I was once asked how many people studied a koryu historically. One that I have looked into was the Shindo Muso Ryu Jodo.
Nagatomi Koshiro Hisatomo (1717-1772), the seventh headmaster of one of the three lines extant at that time had 300 students
During the Bakumatsu, or the mid-nineteenth century, the three lines of Muso-ryu were very active. There were eighteen menkyo holders in the Haruyoshi line, fifteen in the Jigyo and nine in the “true path”.
Shiraishi Hanjiro (1842-1927) was one of six people eventually awarded a joint densho between the first two of those lines, the third having disappeared by then. Shiraishi was originally a student of Hirano Kichizo and Sada Teisuke of Haruyoshi. He later received mokuroku from Okuma Shinpachi of the Jigyo line. His training before receiving the joint menkyo was from Yoshimura Hanjiro. Shiriashi was the sole instructor of Shindo Muso Ryu Jodo by the end of the Meiji.
Shimizu Takaji began training with Shiriashi in 1913, at the age of 17. In 1918, at age 23, he received his mokuroku (scrolls of transmission) and two years after that his menkyo certificate. In 1939 during the Pacific War Shimizu went to Manchuria to teach jo and one author states that he eventually taught jo to 1,500,000 people.
So the answer would be… it varies with the political situation (Jodo was big in Fukuoka where it originated, until the Han system was disbanded, and then the numbers collapsed), war and peace (the imperial army studied Jodo so all the recruits were “students” of koryu), the instructor (popular instructor in a big city with good connections and publicity means lots of students), the organization (Shimizu joined jodo to the ZNKR which brought in a lot of students) and the definition of “koryu” (if ZNKR jodo is disallowed, jodo is a lot smaller than it “is”).
Any organization, koryu, modern, fraternal or what have you, tends to fragment once it gets to a certain size. It’s the natural way of things, only an extremely good leader can keep things together for long after a critical mass has been reached.

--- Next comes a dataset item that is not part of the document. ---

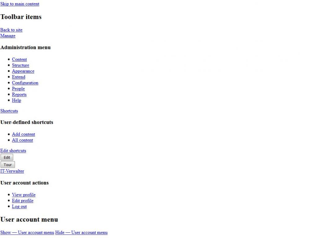 Ich habe auf einem Webspace bei DomainFactory Drupal 8 installiert. Mit dem Abschluß der Installationsroutine wurde die Webseite automatisch aufgerufen. Leider werden im Frontend jeglische Farben und Layout nicht angezeigt. (Verlinkungen sind aber da)
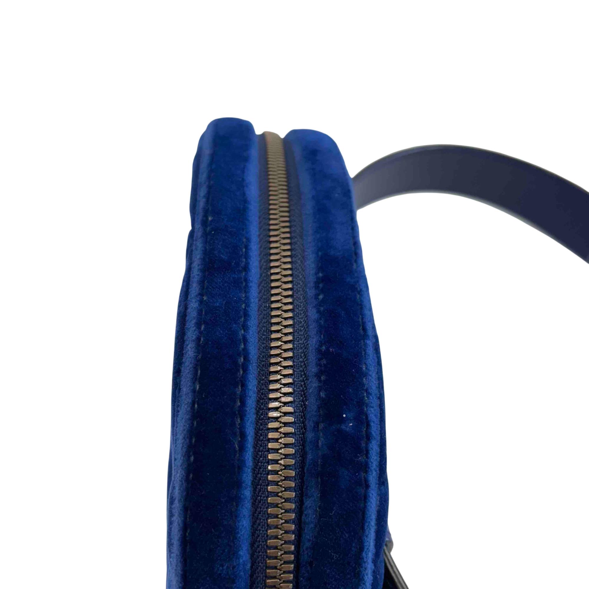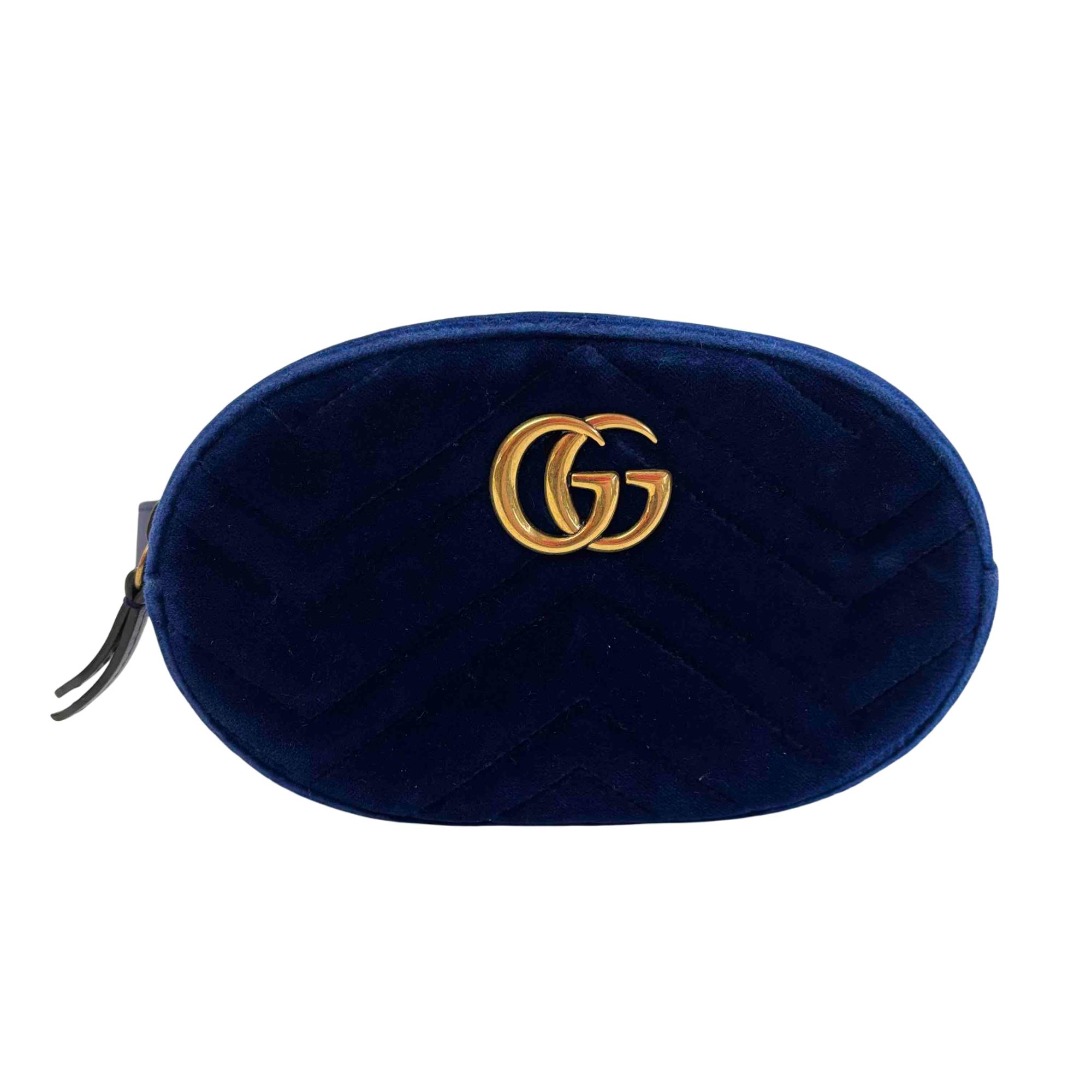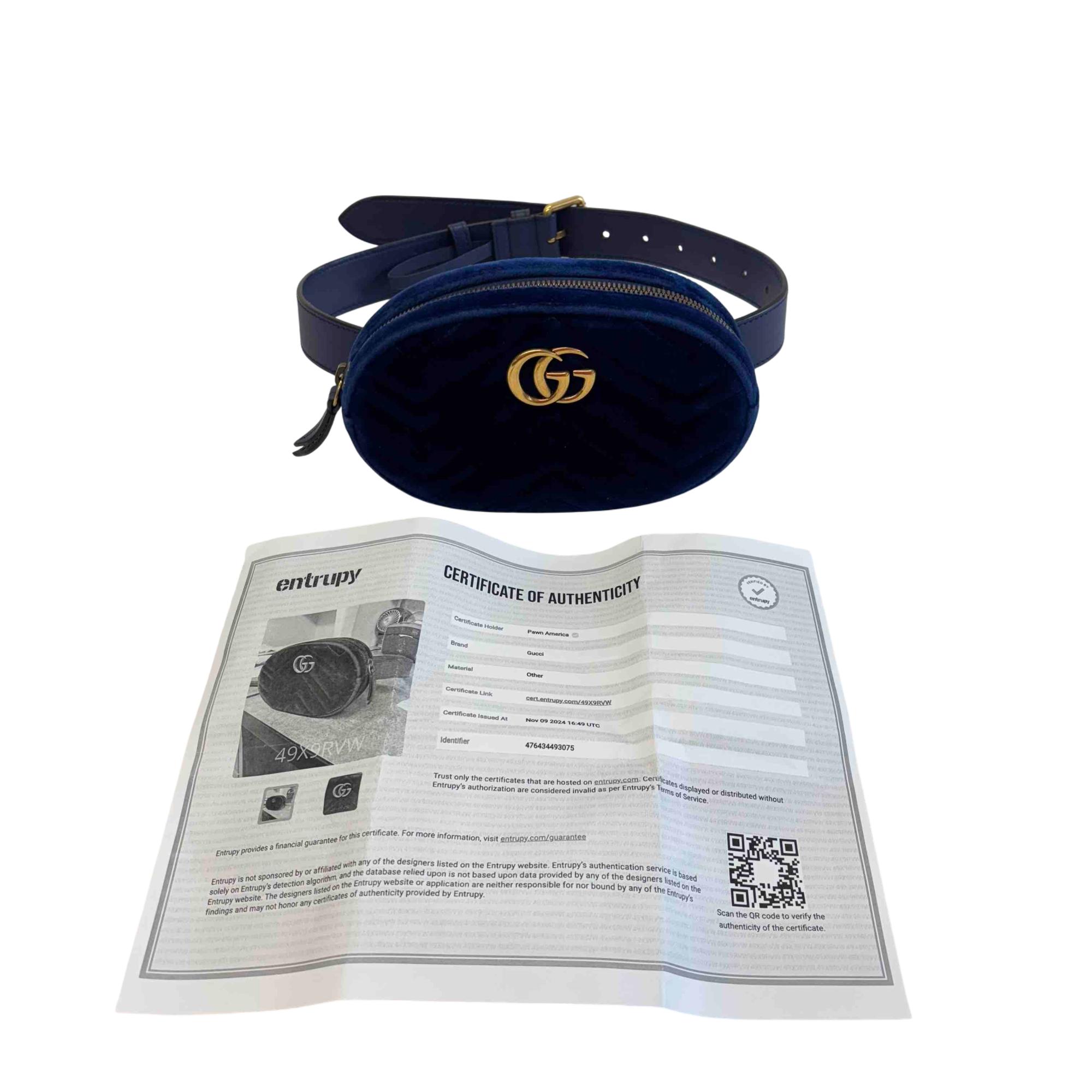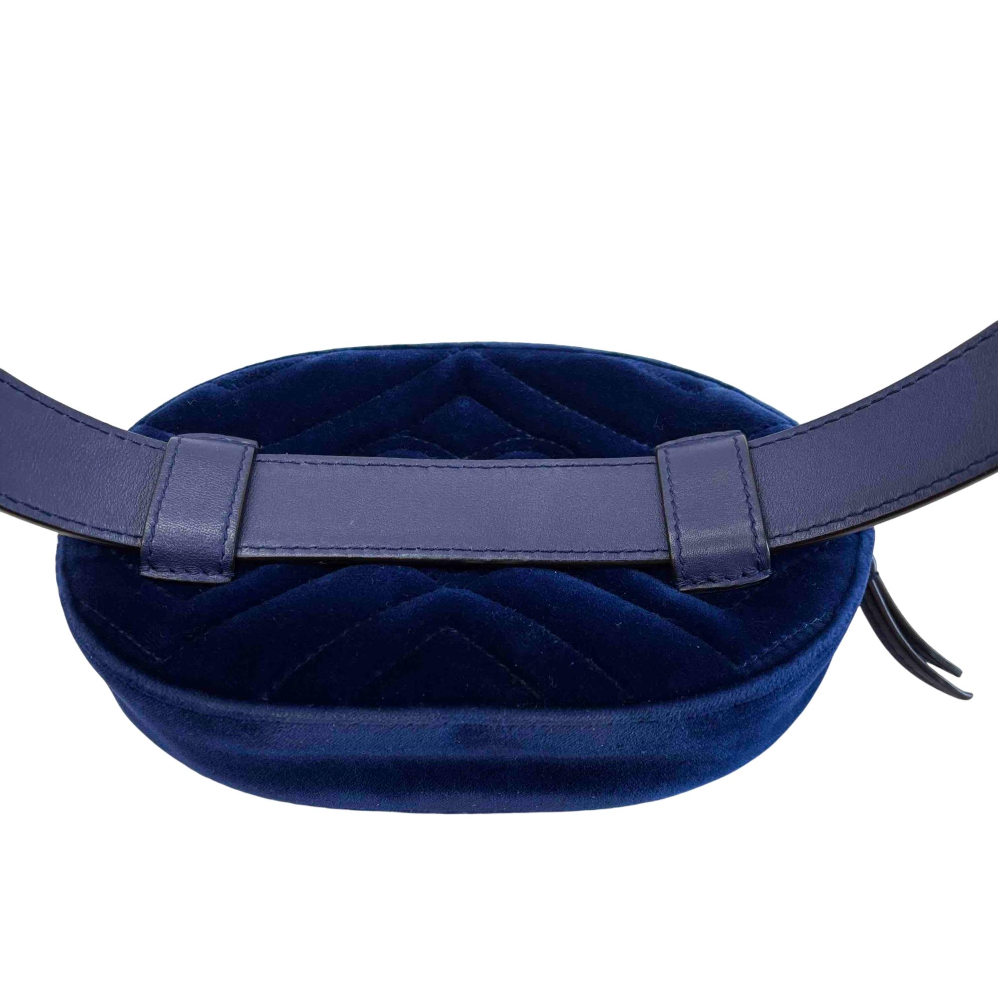 Step up your accessory game with this stunning Gucci GG Marmont Belt Bag, fashioned in luxurious blue velvet suede and accented with a sophisticated gold GG logo. This versatile waist bag combines timeless elegance with modern edge, making it perfect for both everyday wear and special occasions. Enjoy hands-free convenience and unmistakable Gucci style, all in one iconic accessory.

The other way fragmention is resisted is through an external (extra-lineage?) force, such as you see in the FIK/ZNKR, which can (and has) actually put national Kendo groups back together after a split. The “glue”? … if you’re “out” from the FIK you don’t send competitors to the world kendo championships. There are other kendo organizations but they are dwarfed by the FIK simply because of the mechanics of the World Championships.
Few such forces exist in the koryu outside of “legitimacy” which is why it’s so tediously argued about. Papers, signifying objects that are passed along, grading systems, or just plain old publicity can all be used in the arguments of legitimacy. One “external force” this legitimacy may be predicated upon, is the existence of an outside sanctioning or pseudo-sanctioning body which may declare one group or another “legitmate”. Barring membership in these organizations, the groups are left to rely on such things as…. say…. the internet to argue their legitimacy.